6 minute read
Schirato:
Questo mese con Palin affronteremo il tema del viaggio. I suoi lavori sono fortemente legati a questa tematica: grazie al suo lavoro lei è sempre in movimento. Partirei, quindi, da una sua definizione personale di viaggio e perché ha scelto di svolgere la professione di fotoreporter.
Mi viene da citare una frase di Fabrizio De André che in una sua canzone dice «per la stessa ragione del viaggio, viaggiare», che credo mi rappresenti abbastanza. La meta indica dove si va, dove si arriva, è tutto quello che puoi andare a vedere, ma è il viaggio che caratterizza quello che vuoi raccontare, per lo meno per me. È il mentre succedono le cose, non la visione finale dell’arrivo da qualche parte. C’è da dire anche che non mi interessa il viaggio fine a sé stesso: mi interessa sempre per un’idea da raccontare, per cui il viaggio è un mezzo che ti fa arrivare in un luogo nel quale trovi, infine, la tua storia. Il viaggio, poi, non è proprio il motivo per cui faccio questo mestiere. Il motivo è perché ho urgenza di raccontare le vite delle persone umane, denunciare le cose che mi indignano.
Advertisement

Nelle sue fotografie traspare l’urgenza di mettere a fuoco delle problematiche drammaticamente attuali, dalle tragedie dei migranti, all’aria che respiriamo (nel suo lavoro, Terra Mala) e che uccide lentamente le persone, fino all’emergenza climatica. La fotografia può essere considerata come strumento di verità e di denuncia?
Assolutamente sì. A mio parere esistono due livelli di fotografia. Esiste una fotografia più documentativa, che definirei “superficiale”. Senza nulla togliere a chi la fa, perché anch’essa ha importanza: diventa urgente per una news, ad esempio, un fotografo di news che viene mandato da una testata giornalistica per raccontare un fatto, qualcosa che sta accadendo. Dall’altro lato c’è quella che preferisco: un tipo di fotografia più interpretativa che racconta in maniera più approfondita quanto è accaduto. Sono di quei fotografi che, a differenza dei giornali che se ne vanno dalla notizia, vogliono approfondire quanto è successo, ti fanno fare delle domande, ti fanno prendere coscienza veramente di un avvenimento. Al giorno d’oggi siamo abituati a guardare così tante cose contemporaneamente, vedere immagini anche strazianti davanti alla televisione, che non ci colpisce più nulla, siamo impermeabili. Mentre quando c’è qualcuno che riesce a penetrare profondamente in una tematica, la gente che si imbatte in un lavoro del genere, così approfondito, ha la possibilità di cambiare la propria coscienza o farsi delle domande. È quello che io in qualche modo cerco di raggiungere.
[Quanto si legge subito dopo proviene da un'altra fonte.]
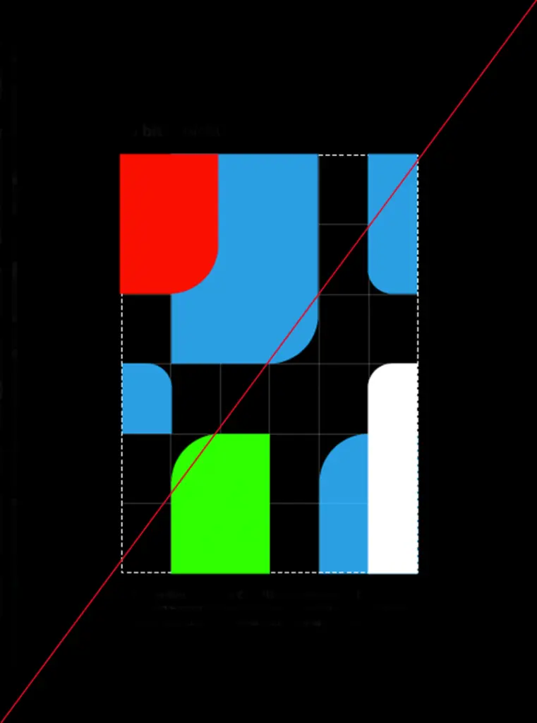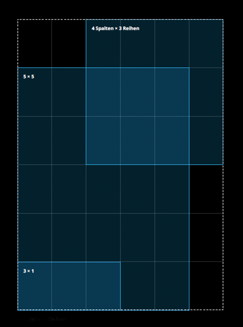 Auf einem Gestaltungsraster wird die Fläche des Gestaltungselements angelegt. Hierbei kann die Fläche z.B. in 6 Spalten und 6 Reihen unterteilt werden, um Variationen von harmonischen Aufteilungen zu definieren.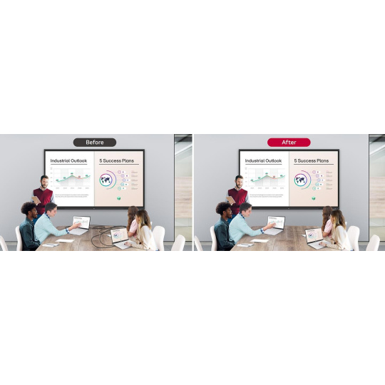 LG CreateBoard ponúka realistický dotykový zážitok vďaka pokročilej interaktívnej dotykovej technológii, ktorá umožňuje používateľom priamo pracovať s obsahom na digitálnej tabuľke. Môžete písať, kresliť, priblížiť a otáčať len pomocou prstov, čím sa stáva efektívnym nástrojom pre kreativné projekty, digitálnu spoluprácu alebo prezentácie. Interaktívna tabuľa LG navyše umožňuje bezdrôtové zdieľanie obrazovky, čo z nej robí vynikajúce riešenie pre plynulú vzdialenú spoluprácu a virtuálne stretnutia.

Mi rendo conto che ormai siamo assuefatti da notizie che parlano di rotte nel Medio Oriente, dal Nord africa, di scafisti e vittime, e quest’anno ce ne sono state diverse: la strage di Cutro, pochi giorni fa l’ennesimo naufragio a Pylos, che è stato definito dalla commissaria UE per gli Affari Interni, Ylva Johansson, «la tragedia più grande nel Mediterraneo». Lei soprattutto ha svolto un lavoro importante sulla rotta Balcanica. Ci parli di questo progetto.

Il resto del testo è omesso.